They’d reached a bend in the path, and Diven took the rightward fork. Grel glanced around. He hadn’t been this far before. It was a pretty area, less tended than the rest so consequently with a wilder look to it.
“Well,” his companion was saying, “I’m sure you’ll do fine at it.”
“I hope so.”
“You know,” Diven told him, “when you and Nik married, no one thought it would last.”
“I know.”
“We all thought she’d – forgive me, but – get wise, realize she’d made a mistake, and move on.”
He felt his cheeks flush. “I know.”
“I was surprised when it lasted a twelve month.”
Grel frowned, wondering what had brought on such a bout of frankness.
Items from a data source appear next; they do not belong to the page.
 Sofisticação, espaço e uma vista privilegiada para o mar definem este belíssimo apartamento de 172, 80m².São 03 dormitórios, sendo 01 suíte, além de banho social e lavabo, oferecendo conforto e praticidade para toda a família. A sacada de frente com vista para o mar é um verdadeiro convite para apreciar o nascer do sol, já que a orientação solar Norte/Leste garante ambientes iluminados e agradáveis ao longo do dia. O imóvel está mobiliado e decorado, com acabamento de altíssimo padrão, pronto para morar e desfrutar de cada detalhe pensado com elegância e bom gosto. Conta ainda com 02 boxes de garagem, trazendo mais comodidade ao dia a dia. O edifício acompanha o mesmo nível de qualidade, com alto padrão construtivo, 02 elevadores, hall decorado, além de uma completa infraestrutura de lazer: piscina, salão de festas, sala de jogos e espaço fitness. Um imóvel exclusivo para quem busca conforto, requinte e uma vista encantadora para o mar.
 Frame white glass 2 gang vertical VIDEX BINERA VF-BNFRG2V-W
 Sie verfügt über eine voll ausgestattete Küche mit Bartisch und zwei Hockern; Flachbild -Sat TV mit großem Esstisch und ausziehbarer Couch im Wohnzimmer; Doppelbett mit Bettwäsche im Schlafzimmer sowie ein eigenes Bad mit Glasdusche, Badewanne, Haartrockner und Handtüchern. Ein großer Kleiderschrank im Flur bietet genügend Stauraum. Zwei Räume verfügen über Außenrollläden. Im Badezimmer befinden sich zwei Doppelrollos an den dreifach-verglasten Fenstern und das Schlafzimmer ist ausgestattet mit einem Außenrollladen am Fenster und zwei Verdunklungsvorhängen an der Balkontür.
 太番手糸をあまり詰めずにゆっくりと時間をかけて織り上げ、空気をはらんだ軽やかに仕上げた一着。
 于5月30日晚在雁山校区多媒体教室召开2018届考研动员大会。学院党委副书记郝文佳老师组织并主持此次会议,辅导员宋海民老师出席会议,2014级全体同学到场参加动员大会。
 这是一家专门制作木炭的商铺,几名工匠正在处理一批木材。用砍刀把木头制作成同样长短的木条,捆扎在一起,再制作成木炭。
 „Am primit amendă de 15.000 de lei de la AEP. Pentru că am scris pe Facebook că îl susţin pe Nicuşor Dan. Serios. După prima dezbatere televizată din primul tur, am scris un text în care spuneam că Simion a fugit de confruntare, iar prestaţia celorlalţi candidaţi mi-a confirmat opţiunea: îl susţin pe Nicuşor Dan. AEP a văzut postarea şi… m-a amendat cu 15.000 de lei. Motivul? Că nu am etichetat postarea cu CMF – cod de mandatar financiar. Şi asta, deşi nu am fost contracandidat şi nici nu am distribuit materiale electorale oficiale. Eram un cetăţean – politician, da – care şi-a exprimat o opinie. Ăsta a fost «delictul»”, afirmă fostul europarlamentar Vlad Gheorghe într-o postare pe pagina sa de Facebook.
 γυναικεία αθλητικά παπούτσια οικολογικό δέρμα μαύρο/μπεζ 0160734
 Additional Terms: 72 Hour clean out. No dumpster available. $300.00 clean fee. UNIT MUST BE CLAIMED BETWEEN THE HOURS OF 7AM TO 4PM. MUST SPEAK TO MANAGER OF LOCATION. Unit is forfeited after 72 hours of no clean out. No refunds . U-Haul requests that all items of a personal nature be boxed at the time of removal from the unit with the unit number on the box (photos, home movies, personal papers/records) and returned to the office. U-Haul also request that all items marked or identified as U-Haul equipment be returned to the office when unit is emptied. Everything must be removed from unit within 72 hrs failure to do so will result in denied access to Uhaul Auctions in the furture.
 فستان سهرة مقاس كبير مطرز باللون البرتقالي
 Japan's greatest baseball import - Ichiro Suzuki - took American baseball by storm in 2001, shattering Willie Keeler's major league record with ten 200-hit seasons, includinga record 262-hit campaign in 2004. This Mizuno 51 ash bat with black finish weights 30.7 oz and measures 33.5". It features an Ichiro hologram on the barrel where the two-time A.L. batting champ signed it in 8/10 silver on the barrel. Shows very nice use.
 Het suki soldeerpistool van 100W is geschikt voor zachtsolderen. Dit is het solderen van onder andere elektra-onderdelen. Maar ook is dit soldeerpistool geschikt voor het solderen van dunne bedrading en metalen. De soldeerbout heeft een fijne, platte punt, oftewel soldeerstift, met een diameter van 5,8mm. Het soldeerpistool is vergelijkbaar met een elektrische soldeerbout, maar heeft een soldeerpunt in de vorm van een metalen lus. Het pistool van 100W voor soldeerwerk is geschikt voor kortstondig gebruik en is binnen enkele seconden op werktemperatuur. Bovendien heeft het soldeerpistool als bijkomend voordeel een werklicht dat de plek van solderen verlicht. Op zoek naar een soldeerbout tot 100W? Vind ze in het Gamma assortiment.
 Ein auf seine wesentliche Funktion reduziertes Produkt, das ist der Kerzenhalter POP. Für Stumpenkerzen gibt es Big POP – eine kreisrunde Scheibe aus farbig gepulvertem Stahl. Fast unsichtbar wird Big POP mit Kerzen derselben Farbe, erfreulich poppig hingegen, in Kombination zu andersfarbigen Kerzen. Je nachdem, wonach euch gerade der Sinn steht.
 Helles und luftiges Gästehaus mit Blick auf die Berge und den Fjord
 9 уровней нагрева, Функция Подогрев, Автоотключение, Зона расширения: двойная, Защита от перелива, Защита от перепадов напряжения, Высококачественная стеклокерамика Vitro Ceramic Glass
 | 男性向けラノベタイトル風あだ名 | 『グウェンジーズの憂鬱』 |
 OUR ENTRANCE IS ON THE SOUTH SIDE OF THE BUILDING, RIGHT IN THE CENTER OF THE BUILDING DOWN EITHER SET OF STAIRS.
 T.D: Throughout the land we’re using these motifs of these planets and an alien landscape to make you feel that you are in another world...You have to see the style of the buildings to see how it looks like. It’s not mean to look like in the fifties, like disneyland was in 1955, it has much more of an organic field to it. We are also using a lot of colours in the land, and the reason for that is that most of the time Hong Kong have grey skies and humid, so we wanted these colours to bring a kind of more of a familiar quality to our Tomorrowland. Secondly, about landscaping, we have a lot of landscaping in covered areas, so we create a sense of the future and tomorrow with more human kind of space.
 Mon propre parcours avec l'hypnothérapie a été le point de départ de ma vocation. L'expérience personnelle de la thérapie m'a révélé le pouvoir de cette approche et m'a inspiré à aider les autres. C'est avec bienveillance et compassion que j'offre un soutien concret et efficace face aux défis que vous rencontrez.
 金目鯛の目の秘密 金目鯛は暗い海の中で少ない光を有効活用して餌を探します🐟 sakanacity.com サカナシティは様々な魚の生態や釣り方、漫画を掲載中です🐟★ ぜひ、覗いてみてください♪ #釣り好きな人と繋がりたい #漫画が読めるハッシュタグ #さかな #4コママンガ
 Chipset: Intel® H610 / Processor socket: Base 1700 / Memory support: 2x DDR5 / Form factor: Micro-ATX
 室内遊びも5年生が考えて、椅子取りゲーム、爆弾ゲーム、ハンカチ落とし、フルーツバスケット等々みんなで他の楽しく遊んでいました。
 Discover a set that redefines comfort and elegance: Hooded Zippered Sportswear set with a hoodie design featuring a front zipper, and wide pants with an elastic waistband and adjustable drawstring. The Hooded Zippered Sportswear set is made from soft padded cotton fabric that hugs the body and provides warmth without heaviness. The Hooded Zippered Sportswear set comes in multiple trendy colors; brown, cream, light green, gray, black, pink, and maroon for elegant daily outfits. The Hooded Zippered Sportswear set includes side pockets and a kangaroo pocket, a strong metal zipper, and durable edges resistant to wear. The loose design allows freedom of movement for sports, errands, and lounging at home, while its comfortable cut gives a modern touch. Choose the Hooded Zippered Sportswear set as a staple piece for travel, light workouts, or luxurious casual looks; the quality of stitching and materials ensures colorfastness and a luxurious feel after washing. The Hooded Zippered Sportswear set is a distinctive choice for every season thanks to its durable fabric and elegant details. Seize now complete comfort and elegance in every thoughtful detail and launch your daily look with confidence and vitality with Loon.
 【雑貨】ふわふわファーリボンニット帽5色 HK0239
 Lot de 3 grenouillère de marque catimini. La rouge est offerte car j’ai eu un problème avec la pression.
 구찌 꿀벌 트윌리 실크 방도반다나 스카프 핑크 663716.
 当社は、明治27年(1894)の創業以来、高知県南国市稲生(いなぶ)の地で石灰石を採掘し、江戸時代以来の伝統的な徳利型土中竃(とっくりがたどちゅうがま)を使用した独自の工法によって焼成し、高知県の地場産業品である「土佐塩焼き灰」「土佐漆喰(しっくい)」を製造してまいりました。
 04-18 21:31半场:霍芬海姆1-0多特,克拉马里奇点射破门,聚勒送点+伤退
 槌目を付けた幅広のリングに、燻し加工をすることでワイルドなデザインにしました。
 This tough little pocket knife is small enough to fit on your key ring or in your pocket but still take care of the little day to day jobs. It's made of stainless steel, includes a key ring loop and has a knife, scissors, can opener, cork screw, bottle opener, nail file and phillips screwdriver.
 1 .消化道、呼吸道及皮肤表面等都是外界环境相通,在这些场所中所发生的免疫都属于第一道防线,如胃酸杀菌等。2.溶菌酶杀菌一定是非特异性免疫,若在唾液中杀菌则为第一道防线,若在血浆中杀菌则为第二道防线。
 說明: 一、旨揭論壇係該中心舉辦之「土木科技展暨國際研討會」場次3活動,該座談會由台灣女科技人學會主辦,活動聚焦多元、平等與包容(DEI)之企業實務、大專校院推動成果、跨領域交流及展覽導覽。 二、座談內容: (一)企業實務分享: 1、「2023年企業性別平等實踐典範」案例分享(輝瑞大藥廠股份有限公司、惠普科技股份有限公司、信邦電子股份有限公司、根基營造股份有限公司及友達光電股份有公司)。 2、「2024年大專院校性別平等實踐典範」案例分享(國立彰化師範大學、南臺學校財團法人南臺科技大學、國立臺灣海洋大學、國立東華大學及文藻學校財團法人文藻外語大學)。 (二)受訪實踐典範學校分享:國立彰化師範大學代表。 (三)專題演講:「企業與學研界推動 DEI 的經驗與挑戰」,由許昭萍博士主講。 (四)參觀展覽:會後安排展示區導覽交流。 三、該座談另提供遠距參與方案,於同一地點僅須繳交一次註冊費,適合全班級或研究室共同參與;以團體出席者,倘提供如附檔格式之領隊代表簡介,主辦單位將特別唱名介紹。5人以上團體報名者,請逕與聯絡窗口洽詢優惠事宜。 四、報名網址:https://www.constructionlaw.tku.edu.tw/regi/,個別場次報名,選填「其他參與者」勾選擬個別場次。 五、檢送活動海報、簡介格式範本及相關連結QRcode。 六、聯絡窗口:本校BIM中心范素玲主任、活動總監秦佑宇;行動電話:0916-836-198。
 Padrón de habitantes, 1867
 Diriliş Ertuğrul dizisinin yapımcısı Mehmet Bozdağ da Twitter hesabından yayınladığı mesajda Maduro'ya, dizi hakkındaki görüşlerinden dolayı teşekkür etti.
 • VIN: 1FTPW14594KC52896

Perhaps Diven felt a clearing of the air was necessary. He, though, didn’t. He understood well enough what they’d thought. They’d expressed it clearly to Nik, if not to himself. He didn’t need to rehash it all. “Well, what’s done is done.”
“Yes.” He nodded thoughtfully. “I know, now that the baby’s on the way, der and mer are ready to surrender the point.”
“Surrender?” Grel’s frown deepened.
Diven ignored him. “But me?” He shook his head. “My sister’s a fool.” He turned a set of cold eyes on him. “But I won’t let her ruin our family with trash like you.”
Grel felt a rush of alarm at this sudden change in his brother-in-law. He started to back away, when a sound caught his ears. He turned, cringing at the pain in his ribs.
Four figures in dark, tactical armor seemed to have materialized from the growth around them. “What the hell is this, Diven?”
“What my father should have let happen the first time,” he said, and he smiled as he spoke. “Goodbye, Grel.”
Chapter Twenty
The men fell on Grel like a swarm of flesh-eaters descending on food dropped into a river. He cried out for help as his arms and legs were seized.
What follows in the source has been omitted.